EXTRACTED DATA >>
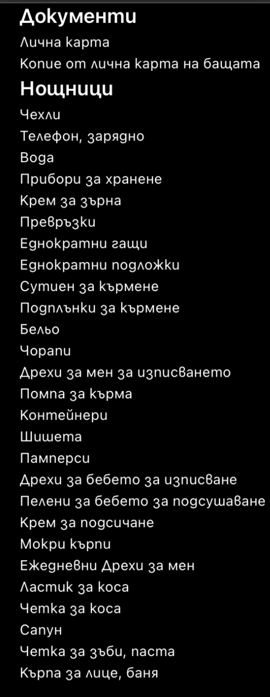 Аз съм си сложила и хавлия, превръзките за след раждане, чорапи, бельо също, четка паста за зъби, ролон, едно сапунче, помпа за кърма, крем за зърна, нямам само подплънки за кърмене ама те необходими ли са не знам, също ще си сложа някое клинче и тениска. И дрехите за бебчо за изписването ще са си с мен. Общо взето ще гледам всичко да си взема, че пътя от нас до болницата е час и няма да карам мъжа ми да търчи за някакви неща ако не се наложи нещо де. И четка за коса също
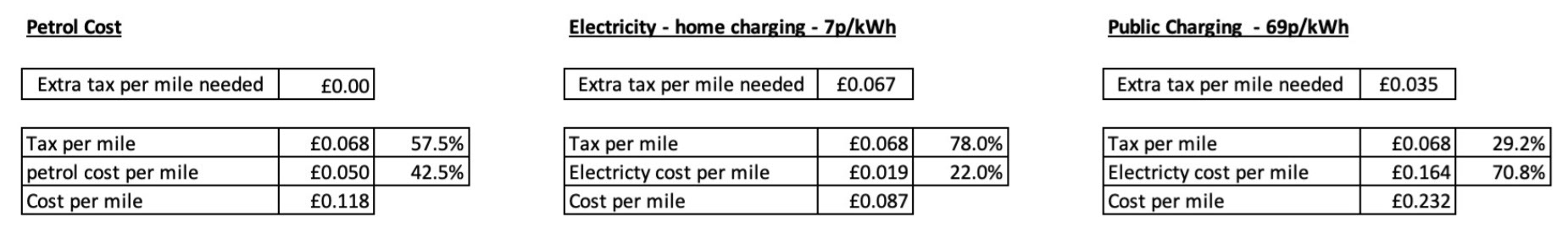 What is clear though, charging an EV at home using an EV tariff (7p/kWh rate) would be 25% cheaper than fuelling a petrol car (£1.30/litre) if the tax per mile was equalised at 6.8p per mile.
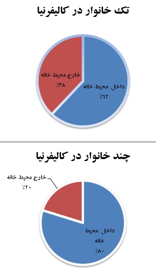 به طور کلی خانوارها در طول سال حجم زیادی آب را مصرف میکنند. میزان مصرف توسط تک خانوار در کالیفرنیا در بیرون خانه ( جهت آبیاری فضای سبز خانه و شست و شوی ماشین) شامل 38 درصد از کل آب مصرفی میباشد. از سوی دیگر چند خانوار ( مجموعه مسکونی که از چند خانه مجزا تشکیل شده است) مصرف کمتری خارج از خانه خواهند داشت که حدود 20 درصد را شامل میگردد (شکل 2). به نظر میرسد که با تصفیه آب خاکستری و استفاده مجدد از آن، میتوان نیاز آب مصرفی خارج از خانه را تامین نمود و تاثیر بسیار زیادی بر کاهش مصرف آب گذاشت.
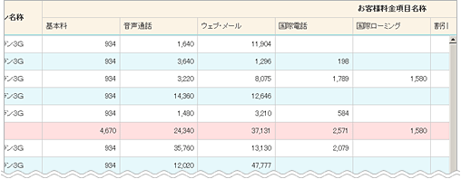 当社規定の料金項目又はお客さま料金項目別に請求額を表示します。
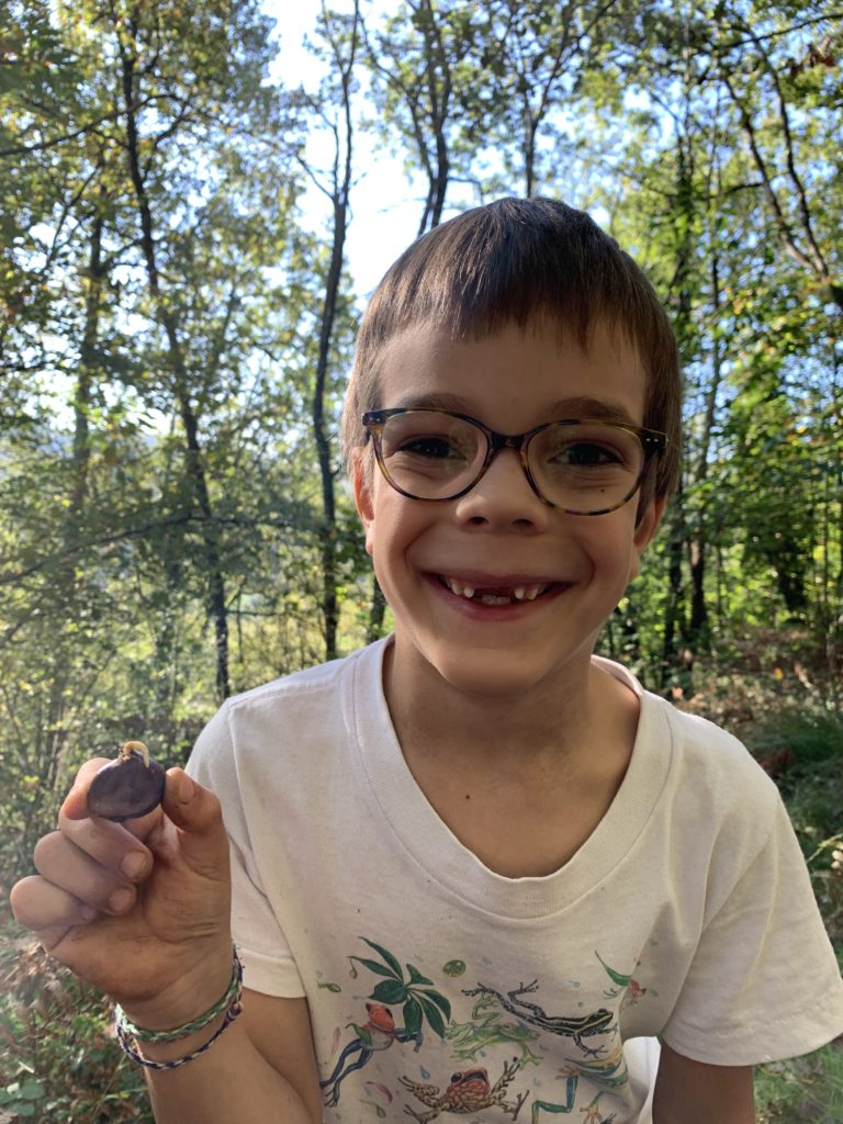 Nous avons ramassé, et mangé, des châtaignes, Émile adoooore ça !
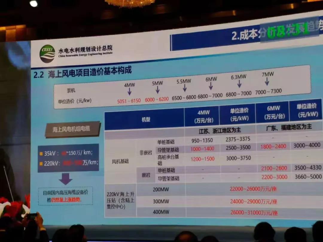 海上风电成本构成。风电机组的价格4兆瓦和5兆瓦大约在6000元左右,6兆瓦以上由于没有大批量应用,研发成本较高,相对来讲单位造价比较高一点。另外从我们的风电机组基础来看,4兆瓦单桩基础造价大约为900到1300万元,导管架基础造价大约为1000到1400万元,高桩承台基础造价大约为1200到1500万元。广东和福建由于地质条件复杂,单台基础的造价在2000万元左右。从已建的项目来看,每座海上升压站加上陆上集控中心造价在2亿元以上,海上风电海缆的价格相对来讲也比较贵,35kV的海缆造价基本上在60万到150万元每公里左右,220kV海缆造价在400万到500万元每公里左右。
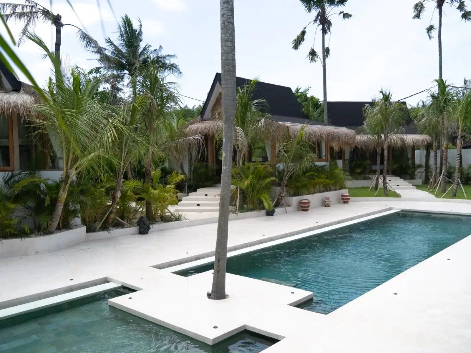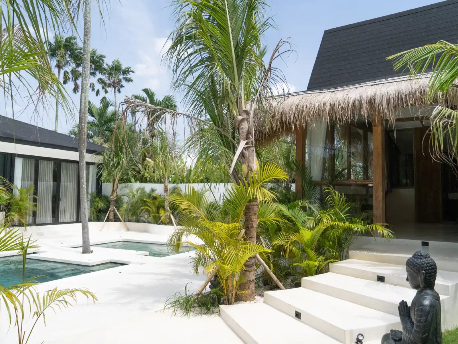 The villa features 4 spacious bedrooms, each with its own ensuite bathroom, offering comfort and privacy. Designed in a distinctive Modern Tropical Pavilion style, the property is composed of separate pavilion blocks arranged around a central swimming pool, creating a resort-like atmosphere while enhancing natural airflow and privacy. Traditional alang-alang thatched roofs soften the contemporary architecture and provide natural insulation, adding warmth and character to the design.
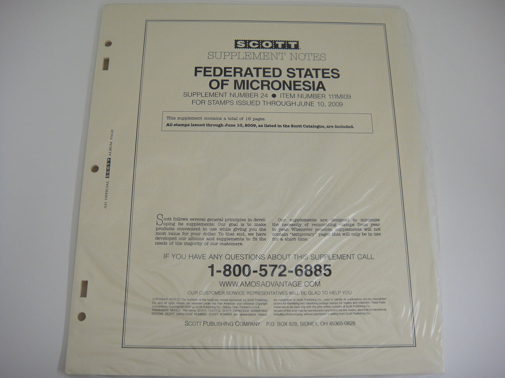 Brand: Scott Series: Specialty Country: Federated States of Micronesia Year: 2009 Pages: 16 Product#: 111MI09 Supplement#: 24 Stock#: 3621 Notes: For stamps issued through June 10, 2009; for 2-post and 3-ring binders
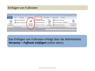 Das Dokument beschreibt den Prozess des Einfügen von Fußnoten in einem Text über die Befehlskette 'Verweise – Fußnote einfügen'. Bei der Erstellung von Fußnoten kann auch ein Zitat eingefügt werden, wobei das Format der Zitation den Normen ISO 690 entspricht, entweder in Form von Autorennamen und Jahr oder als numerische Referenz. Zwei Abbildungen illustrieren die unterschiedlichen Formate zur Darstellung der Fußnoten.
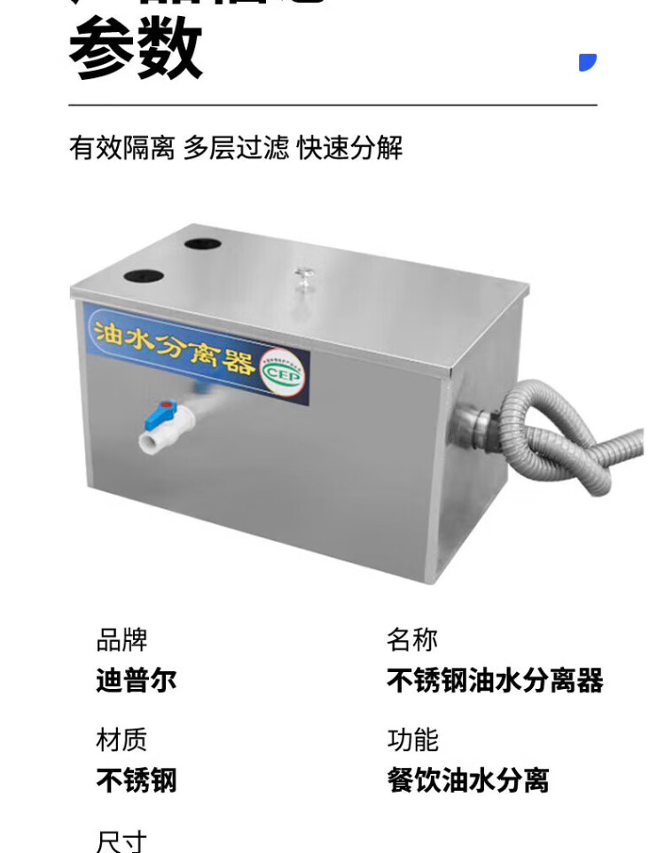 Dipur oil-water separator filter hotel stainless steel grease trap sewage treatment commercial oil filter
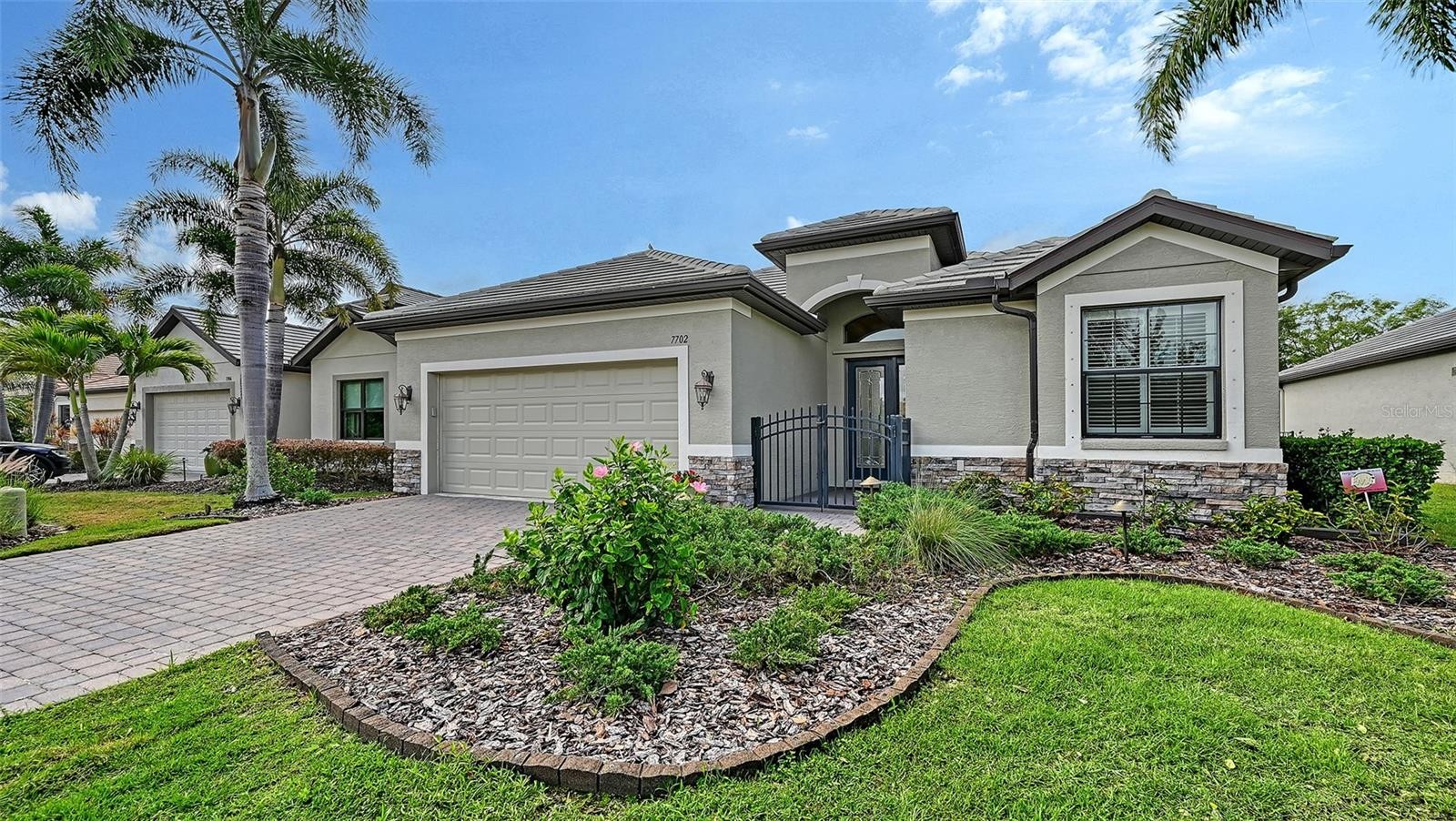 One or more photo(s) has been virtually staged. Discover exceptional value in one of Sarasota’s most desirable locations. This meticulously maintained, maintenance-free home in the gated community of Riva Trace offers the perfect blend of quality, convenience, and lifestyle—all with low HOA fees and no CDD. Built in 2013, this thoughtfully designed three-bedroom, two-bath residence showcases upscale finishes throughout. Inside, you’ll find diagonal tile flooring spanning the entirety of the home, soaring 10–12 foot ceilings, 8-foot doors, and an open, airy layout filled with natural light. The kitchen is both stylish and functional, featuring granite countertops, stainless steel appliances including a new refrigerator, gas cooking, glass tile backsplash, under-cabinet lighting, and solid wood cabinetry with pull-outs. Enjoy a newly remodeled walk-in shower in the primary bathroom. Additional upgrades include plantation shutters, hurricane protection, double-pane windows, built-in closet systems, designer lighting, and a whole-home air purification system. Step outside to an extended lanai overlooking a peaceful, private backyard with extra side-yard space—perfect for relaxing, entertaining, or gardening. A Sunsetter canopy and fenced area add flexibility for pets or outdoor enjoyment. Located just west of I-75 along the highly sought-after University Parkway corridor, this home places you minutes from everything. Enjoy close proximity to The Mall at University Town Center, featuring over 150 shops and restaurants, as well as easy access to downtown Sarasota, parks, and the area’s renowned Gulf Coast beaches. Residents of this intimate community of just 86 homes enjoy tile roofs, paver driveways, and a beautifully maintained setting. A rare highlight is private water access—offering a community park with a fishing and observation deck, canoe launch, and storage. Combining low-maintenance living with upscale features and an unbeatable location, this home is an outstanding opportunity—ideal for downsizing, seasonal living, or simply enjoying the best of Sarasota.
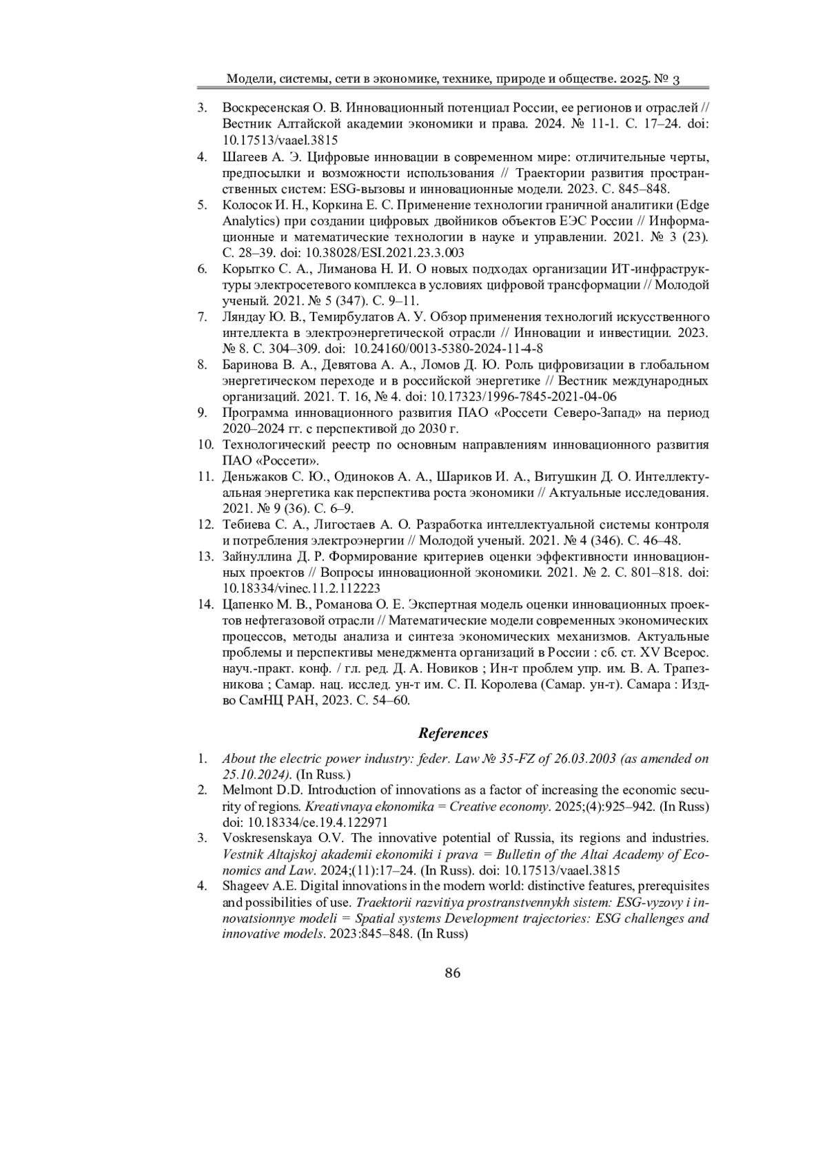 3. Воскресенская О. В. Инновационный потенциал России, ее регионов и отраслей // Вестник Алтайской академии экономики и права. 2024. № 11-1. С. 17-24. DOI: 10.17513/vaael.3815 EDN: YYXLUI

WORK TASK >> Write out word for word the lines of the listing above from the line with "当社規定の料金項目又はお客さま料金項目別に請求額を表示します。" to the line with "The villa features", taking in both of those lines but no pictures.

REPLY TO THE EXERCISE >>
 当社規定の料金項目又はお客さま料金項目別に請求額を表示します。
 Nous avons ramassé, et mangé, des châtaignes, Émile adoooore ça !
 海上风电成本构成。风电机组的价格4兆瓦和5兆瓦大约在6000元左右,6兆瓦以上由于没有大批量应用,研发成本较高,相对来讲单位造价比较高一点。另外从我们的风电机组基础来看,4兆瓦单桩基础造价大约为900到1300万元,导管架基础造价大约为1000到1400万元,高桩承台基础造价大约为1200到1500万元。广东和福建由于地质条件复杂,单台基础的造价在2000万元左右。从已建的项目来看,每座海上升压站加上陆上集控中心造价在2亿元以上,海上风电海缆的价格相对来讲也比较贵,35kV的海缆造价基本上在60万到150万元每公里左右,220kV海缆造价在400万到500万元每公里左右。
 The villa features 4 spacious bedrooms, each with its own ensuite bathroom, offering comfort and privacy. Designed in a distinctive Modern Tropical Pavilion style, the property is composed of separate pavilion blocks arranged around a central swimming pool, creating a resort-like atmosphere while enhancing natural airflow and privacy. Traditional alang-alang thatched roofs soften the contemporary architecture and provide natural insulation, adding warmth and character to the design.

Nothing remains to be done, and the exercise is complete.